Google has built an algorithm that can solve the firm’s CAPTCHAs with 99.8% success.

While developing technology to improve address accuracy in Street View, the panoramic pedestrian’s view in the company’s mapping application, the firm found it was even more effective at deciphering the anti-spam mechanism common to millions of websites.

Vinay Shet, product manager of Google’s reCAPTCHA, wrote on a company blog: "These findings have surprising implications for spam and abuse protection on the Internet as well.

"Thanks to this research, we know that relying on distorted text alone isn’t enough."

CAPTCHAs are anti-spam and security tools that commonly take the form of distorted images of text designed to be legible to humans but illegible to machines, with noisy audio recordings available for those with poor vision.

The advances have been detailed in a scientific paper submitted to the International Conference on Learning Representations (ICLR), a machine learning conference held in Canada this week.

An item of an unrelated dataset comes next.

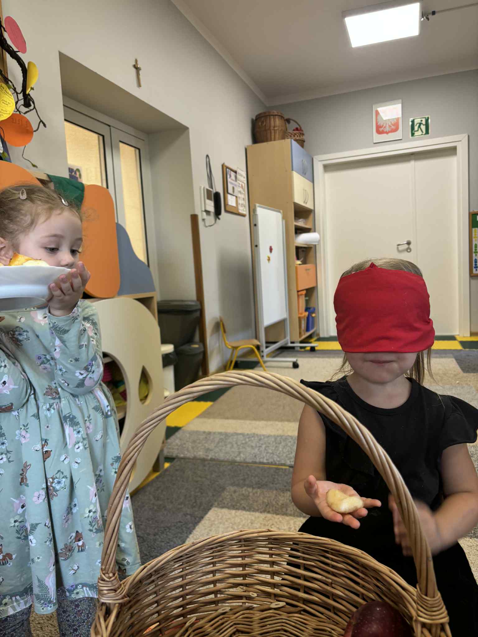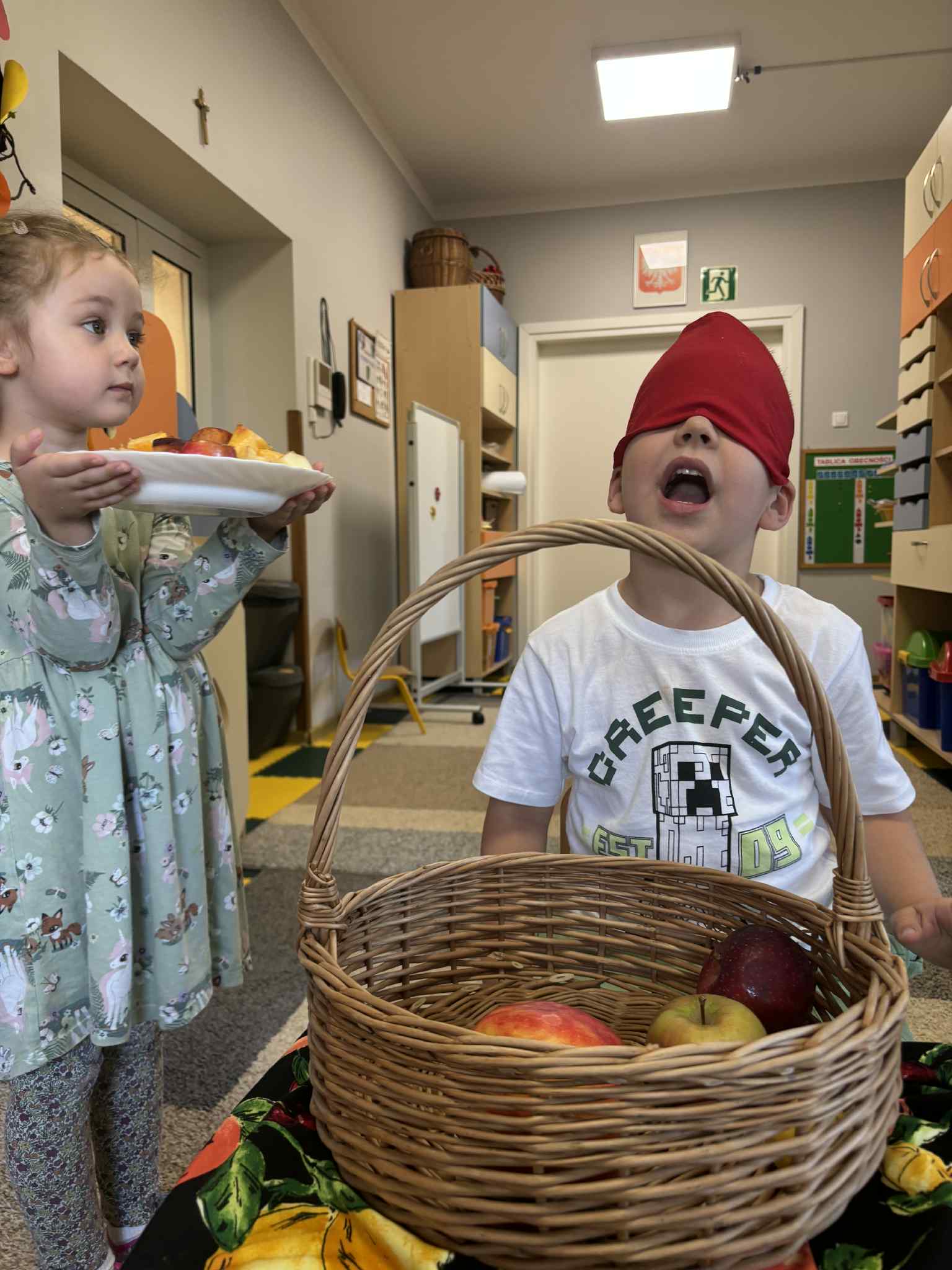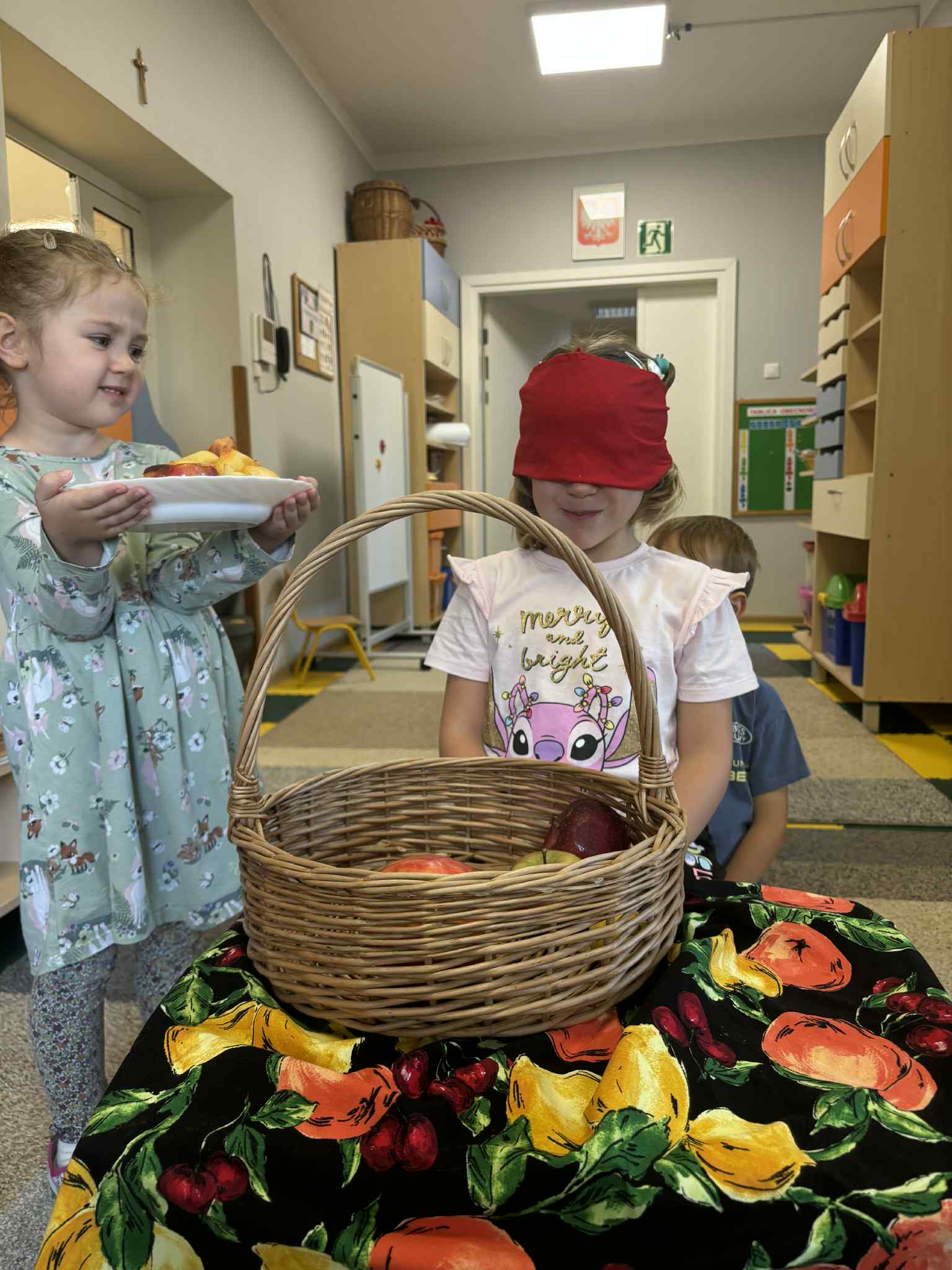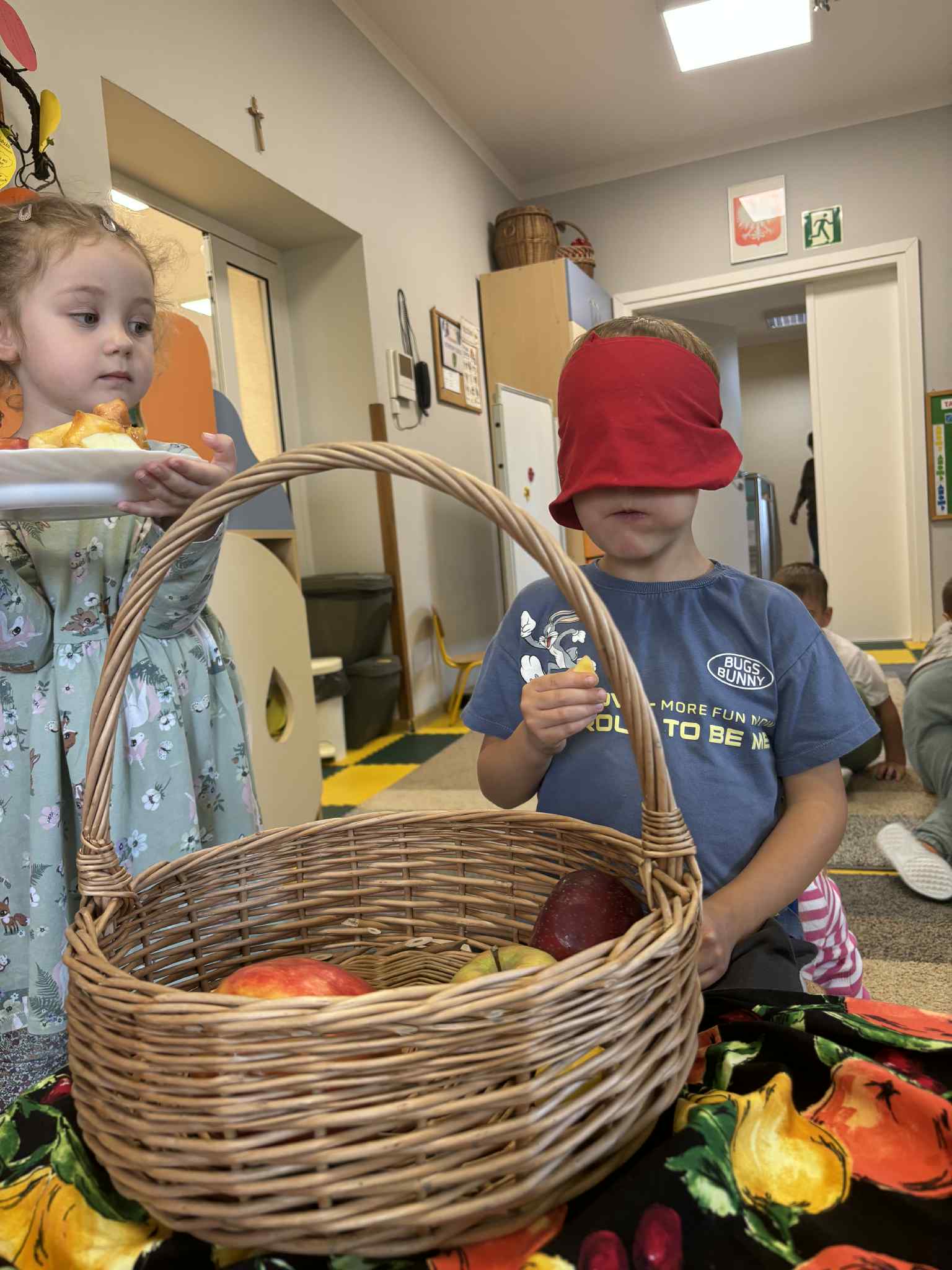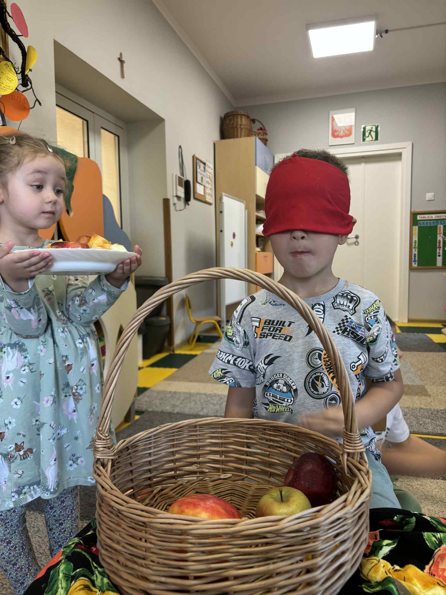 Jesień to pora roku, która obfituje w wiele kolorowych i soczystych owoców, które dojrzewają w naszych sadach. Pszczółki wyruszyły we wrześniu w ,,poszukiwaniu witamin”. Odwiedzili stragan owocowo-warzywny na ulicy Rynkowej .Przedszkolaki poszerzały swoją wiedzę o jabłkach: poznawały budowę owocu, właściwości zdrowotne, gatunki jabłek, kolory, kształty, zapachy. Nie zabrakło również degustacji owoców – kiwi, którymi poczęstowała nas właścicielka straganu.

In the paper Google claims that it can recognise 96% of Street View house numbers, and has collected 100 million of them through the proposed technology.

"It’s important to note that simply identifying the text in CAPTCHA puzzles correctly doesn’t mean that reCAPTCHA itself is broken or ineffective," Shet said. "On the contrary, these findings have helped us build additional safeguards against bad actors in reCAPTCHA."

Last October Google updated its CAPTCHA system, saying it now relied less on the actual recognition of text and more on the behaviour of the user. Humans using reCAPTCHA are presented with numbers, while bots are shown more complicated puzzles to solve.